1) Relax. Everyone is not looking at you when you walk into the food court or whatever area you’re having to walk in for the first time. Really. Just take your time and go in and look around. Order some food or just look around. I stayed out of some places for the very reason that I wouldn’t know immediately which way to go once I got in there, and I didn’t want people looking at me. Please don’t do that to yourself. Go on in – walk slowly enough that you can see what’s there as you go.

2) Don’t let yourself feel like a loser if you’re sitting alone. Nowadays you can have prominent earbud wires hanging down or be fiddling with your cell phone. Just relax, once again, just like you would do if no one was even around. Someone will probably come up to chat with you, so then look up with a friendly smile.
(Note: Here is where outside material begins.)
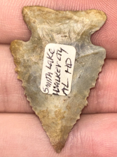 A fabulous Palmer from Smith Lake, Alabama. Made from very colorful and glossy Bangor chert. Great form with finely serrated edges and heavily ground base. Ex: Robert Overstreet collection of the Overstreet Identification and Price Guides.

3) There are other introverts all around you. They love reading, writing, animals, piano, the internet, many things that you love. Arm yourself with the knowledge that the person who’s reading and doesn’t even look up when you walk in a room might well be an introvert. No, I wouldn’t walk up to him and say, “I see you’re an introvert!” :) But eventually as other introverts around you see that you are easy to have around and that you don’t interrupt or act obnoxious, you may have some new friendships beginning.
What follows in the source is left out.